── DATA FOR THIS TASK ──
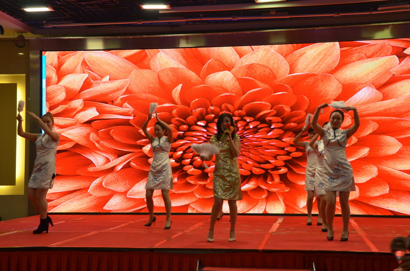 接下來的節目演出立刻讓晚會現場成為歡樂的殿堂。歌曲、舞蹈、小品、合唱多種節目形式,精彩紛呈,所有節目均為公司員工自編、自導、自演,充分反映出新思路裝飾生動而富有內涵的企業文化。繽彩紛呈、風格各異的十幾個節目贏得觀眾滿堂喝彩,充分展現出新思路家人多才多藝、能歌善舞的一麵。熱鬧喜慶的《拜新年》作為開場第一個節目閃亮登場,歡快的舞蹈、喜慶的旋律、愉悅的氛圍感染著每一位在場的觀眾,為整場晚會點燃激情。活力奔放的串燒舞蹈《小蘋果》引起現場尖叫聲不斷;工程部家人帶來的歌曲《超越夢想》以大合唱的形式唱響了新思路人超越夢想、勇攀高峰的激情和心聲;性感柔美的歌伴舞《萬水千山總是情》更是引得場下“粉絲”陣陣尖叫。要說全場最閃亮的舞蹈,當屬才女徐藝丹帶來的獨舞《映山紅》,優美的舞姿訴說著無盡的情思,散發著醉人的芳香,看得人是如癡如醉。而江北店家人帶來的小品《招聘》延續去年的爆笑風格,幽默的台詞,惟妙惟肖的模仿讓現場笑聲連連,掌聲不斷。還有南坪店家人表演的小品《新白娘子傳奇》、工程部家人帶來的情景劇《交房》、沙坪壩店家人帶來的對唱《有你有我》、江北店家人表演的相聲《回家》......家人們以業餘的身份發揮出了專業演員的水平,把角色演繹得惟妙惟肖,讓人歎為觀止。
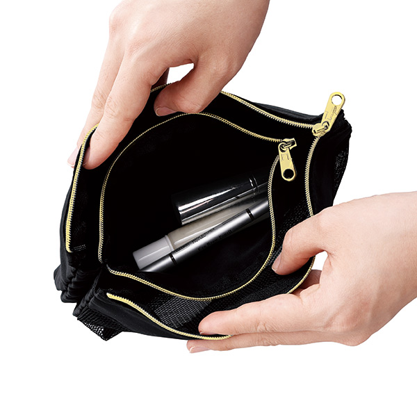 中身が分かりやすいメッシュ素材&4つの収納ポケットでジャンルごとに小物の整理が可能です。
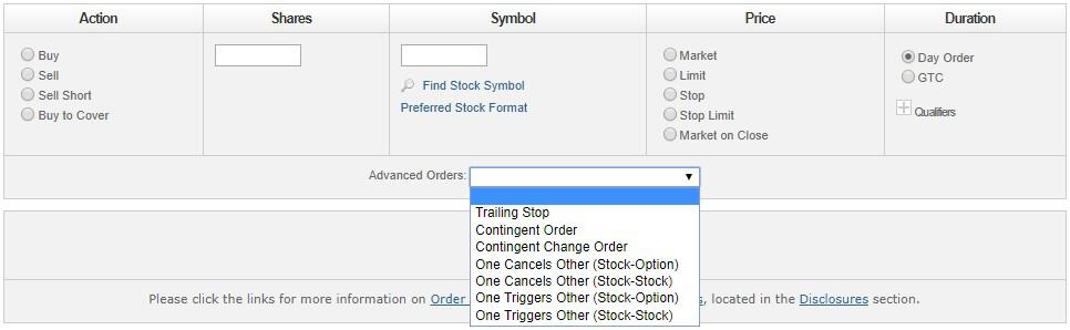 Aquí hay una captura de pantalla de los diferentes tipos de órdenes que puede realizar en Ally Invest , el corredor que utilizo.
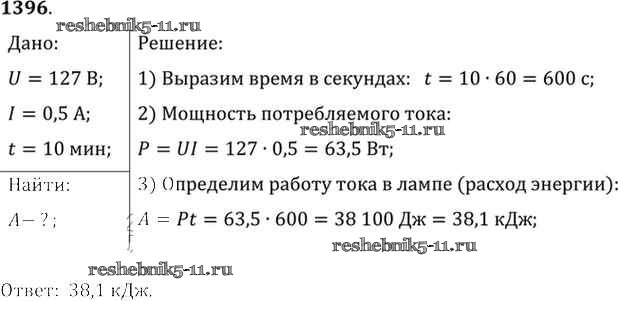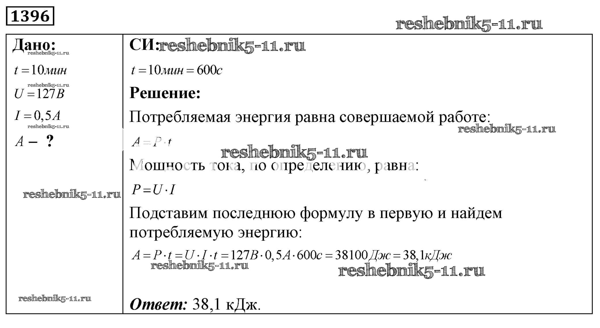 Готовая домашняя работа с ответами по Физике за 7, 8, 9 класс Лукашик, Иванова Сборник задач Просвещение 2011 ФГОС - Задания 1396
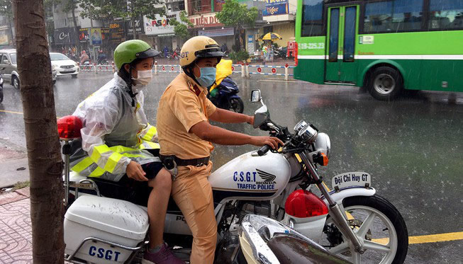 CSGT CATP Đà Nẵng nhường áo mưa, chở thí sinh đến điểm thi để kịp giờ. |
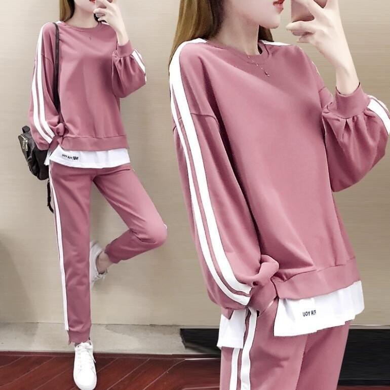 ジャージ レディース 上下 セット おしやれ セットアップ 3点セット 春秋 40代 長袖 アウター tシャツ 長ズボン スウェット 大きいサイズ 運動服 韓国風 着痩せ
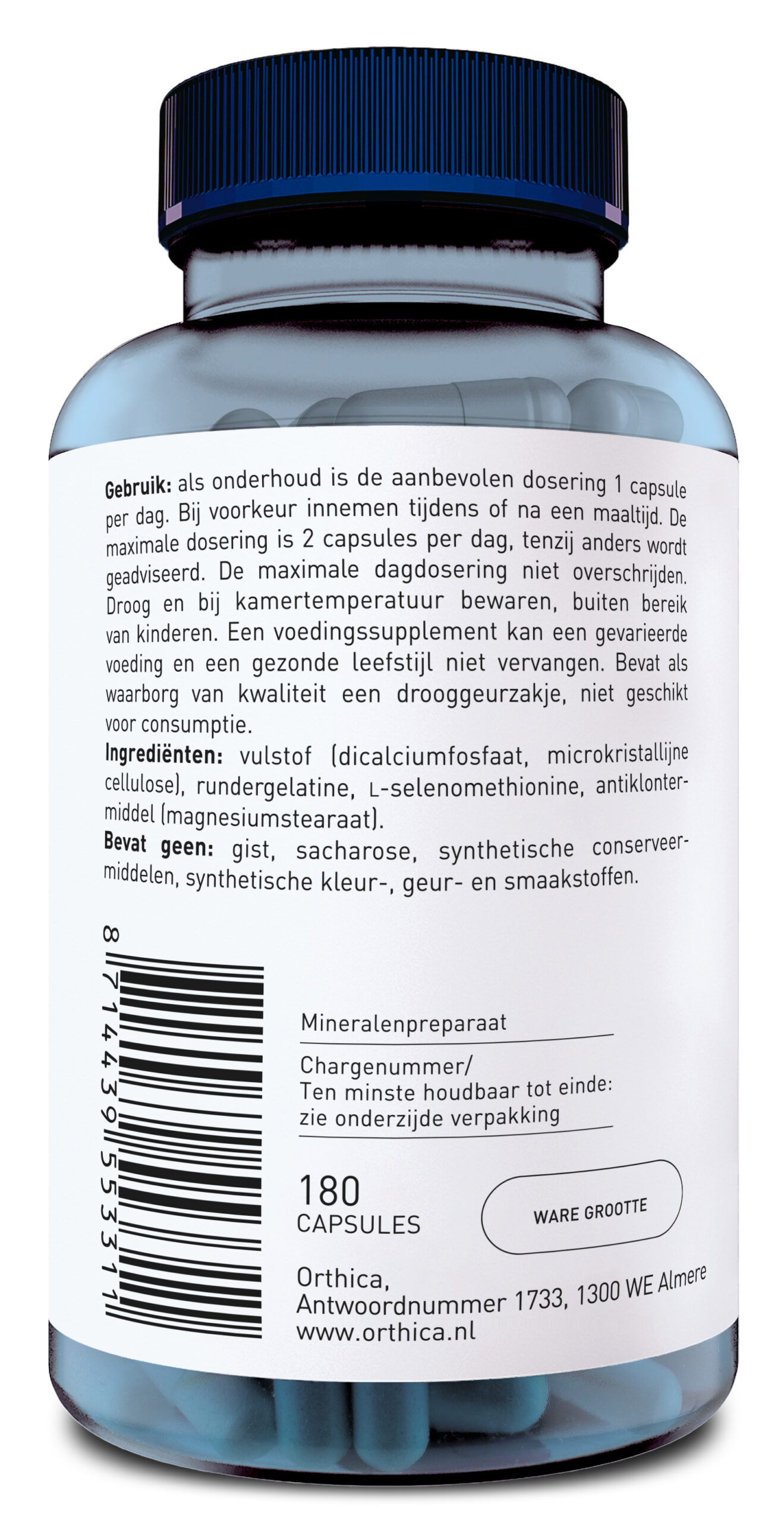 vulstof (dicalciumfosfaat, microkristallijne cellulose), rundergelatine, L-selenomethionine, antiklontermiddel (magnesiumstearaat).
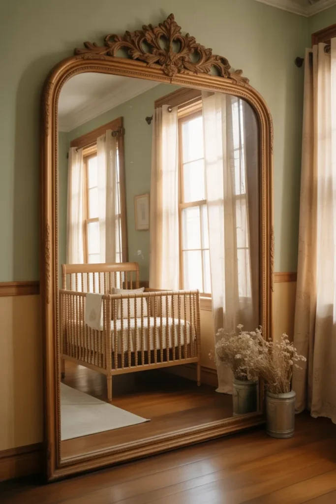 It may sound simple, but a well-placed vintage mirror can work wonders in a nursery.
───
(WHAT THE TASK ASKS) Write out, word for word, the lines running from the one containing "中身が分かりやすいメッシュ素" to the end of the data above; the pictures are to be left out.

(FINISHED EXERCISE)
 中身が分かりやすいメッシュ素材&4つの収納ポケットでジャンルごとに小物の整理が可能です。
 Aquí hay una captura de pantalla de los diferentes tipos de órdenes que puede realizar en Ally Invest , el corredor que utilizo.
 Готовая домашняя работа с ответами по Физике за 7, 8, 9 класс Лукашик, Иванова Сборник задач Просвещение 2011 ФГОС - Задания 1396
 CSGT CATP Đà Nẵng nhường áo mưa, chở thí sinh đến điểm thi để kịp giờ. |
 ジャージ レディース 上下 セット おしやれ セットアップ 3点セット 春秋 40代 長袖 アウター tシャツ 長ズボン スウェット 大きいサイズ 運動服 韓国風 着痩せ
 vulstof (dicalciumfosfaat, microkristallijne cellulose), rundergelatine, L-selenomethionine, antiklontermiddel (magnesiumstearaat).
 It may sound simple, but a well-placed vintage mirror can work wonders in a nursery.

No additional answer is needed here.